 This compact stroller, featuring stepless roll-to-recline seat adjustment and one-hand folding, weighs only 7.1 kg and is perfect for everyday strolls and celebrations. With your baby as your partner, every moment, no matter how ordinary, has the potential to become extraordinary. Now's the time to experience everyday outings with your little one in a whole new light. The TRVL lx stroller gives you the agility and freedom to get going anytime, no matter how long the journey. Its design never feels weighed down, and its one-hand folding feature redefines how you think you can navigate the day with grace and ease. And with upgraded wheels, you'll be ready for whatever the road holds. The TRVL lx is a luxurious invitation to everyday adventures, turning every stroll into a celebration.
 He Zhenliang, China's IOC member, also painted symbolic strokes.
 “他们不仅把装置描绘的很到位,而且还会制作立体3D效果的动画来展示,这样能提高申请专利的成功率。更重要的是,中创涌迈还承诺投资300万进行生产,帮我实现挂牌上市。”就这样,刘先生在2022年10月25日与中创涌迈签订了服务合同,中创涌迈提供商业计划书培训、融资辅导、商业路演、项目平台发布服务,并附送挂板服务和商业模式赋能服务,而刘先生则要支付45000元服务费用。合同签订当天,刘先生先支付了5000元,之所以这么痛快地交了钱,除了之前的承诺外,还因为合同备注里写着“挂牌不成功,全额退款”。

━━━━━━━━━━━━━━━━

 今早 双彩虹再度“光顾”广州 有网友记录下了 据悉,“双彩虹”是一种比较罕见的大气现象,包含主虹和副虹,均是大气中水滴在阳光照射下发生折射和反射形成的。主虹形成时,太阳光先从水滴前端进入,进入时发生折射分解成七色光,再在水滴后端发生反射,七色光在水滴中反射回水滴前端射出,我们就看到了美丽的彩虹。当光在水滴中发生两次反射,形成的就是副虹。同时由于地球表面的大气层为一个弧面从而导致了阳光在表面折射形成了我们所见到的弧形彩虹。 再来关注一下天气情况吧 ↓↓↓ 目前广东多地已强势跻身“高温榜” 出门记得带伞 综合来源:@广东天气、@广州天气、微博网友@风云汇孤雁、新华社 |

━━━━━━━━━━━━━━━━

● **Work order**
In the data above, start at the line that has "This compact stroller, featuring", stop after the line that has "He Zhenliang, China's", and print every line in between exactly as it stands.

● **Answer for the task**
 This compact stroller, featuring stepless roll-to-recline seat adjustment and one-hand folding, weighs only 7.1 kg and is perfect for everyday strolls and celebrations. With your baby as your partner, every moment, no matter how ordinary, has the potential to become extraordinary. Now's the time to experience everyday outings with your little one in a whole new light. The TRVL lx stroller gives you the agility and freedom to get going anytime, no matter how long the journey. Its design never feels weighed down, and its one-hand folding feature redefines how you think you can navigate the day with grace and ease. And with upgraded wheels, you'll be ready for whatever the road holds. The TRVL lx is a luxurious invitation to everyday adventures, turning every stroll into a celebration.
 He Zhenliang, China's IOC member, also painted symbolic strokes.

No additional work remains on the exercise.